Brainfuck is an esoteric programming language noted for its extreme minimalism. It is a Turing tarpit, designed to challenge and amuse programmers, and was not made to be suitable for practical use. It was created in 1993 by Urban Müller.

The name of the language is generally not capitalized except at the start of a sentence, although it is a proper noun.

I discovered the language a while ago, when I got interested in esoteric languages. Since the language is very simple, I figured that it wouldn’t be too hard to write an interpreter for it.

Brainfuck has 8 commands:

  1. <  :  Increment the data pointer (go to the next cell).
  2. >  :  Decrement the data pointer (go to the previous cell).
  3. +  :  Increment the value in current cell.
  4. –    :  Decrement the value in current cell.
  5. ,    : Read a character from stdin, and write it to the current cell.
  6. .    : Print the character in the current cell.
  7. [   : If the value in the current cell is greater than 0, go read the next instruction else jump to the closing “]”.
  8. ]   : Jump to the opening “[“.

Of course, each cell represents a char and the tape which contains the cell is a char array of the length 30000.

The Primitives
The first thing to do is representing the cells and the data pointer.  Quite simply we can do that by using a list to represent the cells and an integer to represent the current value of the data pointer.

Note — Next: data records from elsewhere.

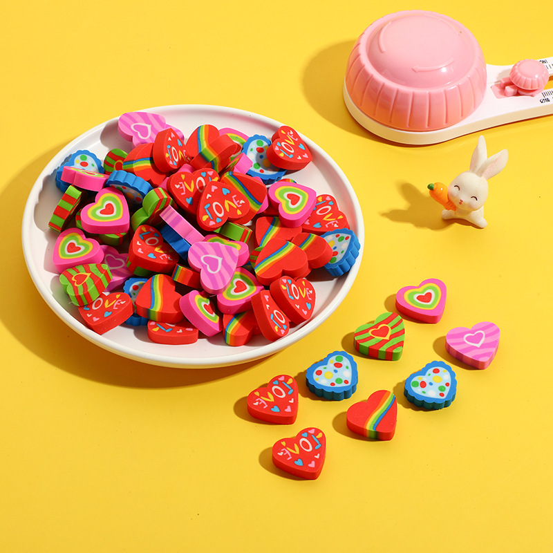 カラーハート型消しゴム新商品創意小学生プレゼント賞品可愛い漫画学習文房具用品卸売り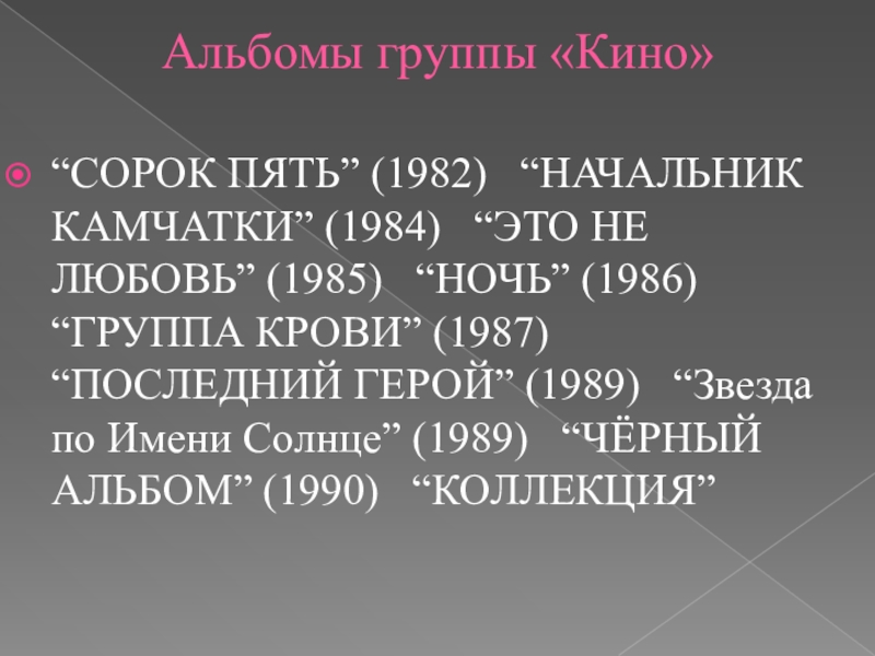 НЕ ЛЮБОВЬ” (1985) “НОЧЬ” (1986) “ГРУППА КРОВИ” (1987) “ПОСЛЕДНИЙ ГЕРОЙ” (1989) “Звезда по Имени Солнце” (1989) “ЧЁРНЫЙ АЛЬБОМ” (1990) “КОЛЛЕКЦИЯ”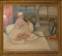 | Description / विवरण | Portrait of Maharaja Ranjit Singh ji. He is depicted in seated position on a couch and smoking hookah. It is framed with glass with wooden border. |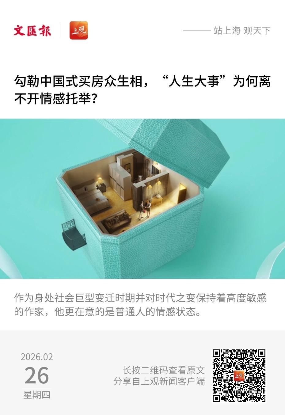 【勾勒中国式买房众生相,“人生大事”为何离不开情感托举?】 (文汇报·新批评 2026-02-26 15:41 )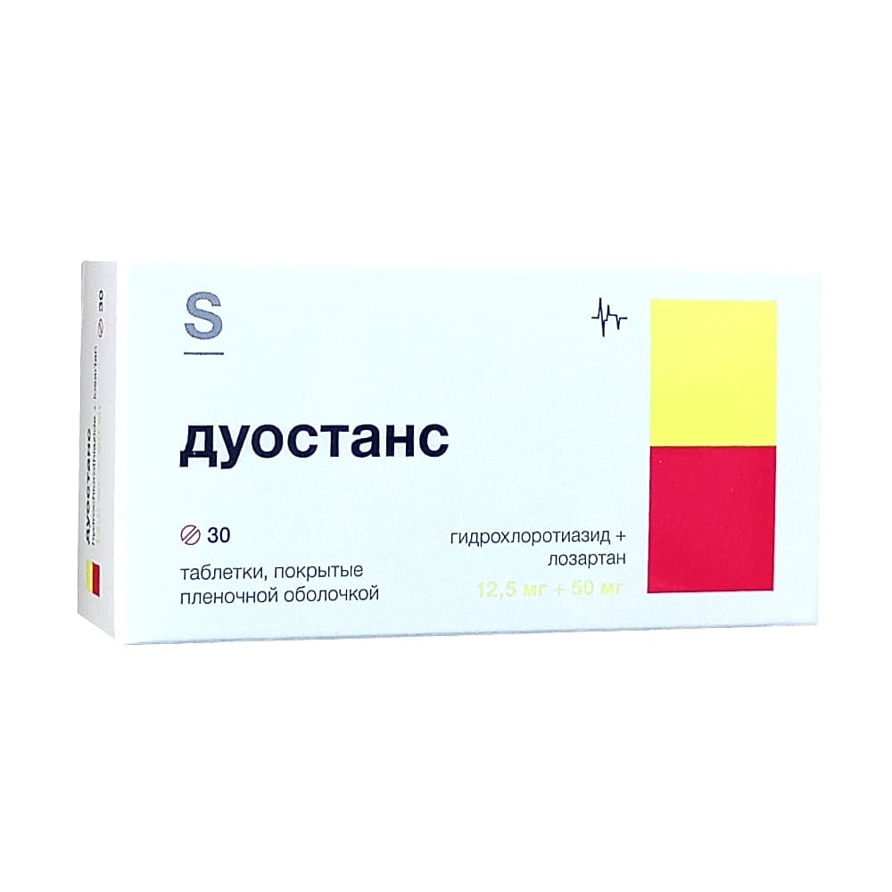 Препарат Дуостанс содержит два действующих вещества: гидрохлоротиазид, который относится к группе препаратов, называемых диуретиками (мочегонными), и лозартан, который относится к группе препаратов, называемых антагонистами рецепторов ангиотензина II. Оба действующих вещества способствуют снижению артериального давления.

# simulate the cells with a list
tape = [0]*(3*10**4)
# the data pointer
ptr = 0

The next thing to do is to represent the first 6 commands.
Since they have no scope, they could be handled directly by simple functions.
We have to be careful while implementing “” to make sure that the data pointer doesn’t leave the tape (this would cause a segmentation fault).

def lt():
    """ performs a < """
    global ptr
    if ptr <= 0:
        raise ValueError, "Segmentation fault!"
    ptr -= 1

def gt():
    """" performs a > """
    global ptr
    if ptr >= 3*10**4 - 1:
        raise ValueError, "Segmentation fault!"
    ptr += 1

While implementing + and – we should make sure, that the value stays in the range 0,256. If the value of a cell gets smaller than 0 o greater than 256 we interpret it as an underflow or as an overflow and quitely let it pass.

def plus():
    """ performs a + """
    global ptr
    tape[ptr] = (tape[ptr] + 1) % 256

def minus():
    """ perfoms a - """
    global ptr
    tape[ptr] = (tape[ptr] - 1) % 256

Implementing “,” and “.” is quite straight forward as well. The only edge case is handling the EOFs while reading from stdin. Since the ASCII code for EOF is 26, we can simply test whether the byte value of the newly read character is 26 and write it to the cell only after we make sure, that this isn’t the case.

def dot():
    """ performs a . """
    global ptr
    sys.stdout.write(chr(tape[ptr]))

def comma():
    """ performs a , """
    global ptr
    c = ord(sys.stdin.read(1))
    if c != 26:
        tape[ptr] = c

Handling Loops
(Observation, the “[“s and “]”s can be interpretted as while loops where the condition is tape[ptr] > 0 with a scope from “[” to “]”.)
Now we must implement the commands “[” and “]”. To do this, we must map the “[“s on the corresponding “]”s (we map the indices of the opening brackets, to the indices of the balancing closing brackets). The way we do this is quite straight forward: We keep a stack for the indices of the “[“s and every time we encounter a “[“, we push its index to the stack. Every time we encounter a “]” we pop an index from the stack and map the current index to it (`it` being the index of the “]” encountered).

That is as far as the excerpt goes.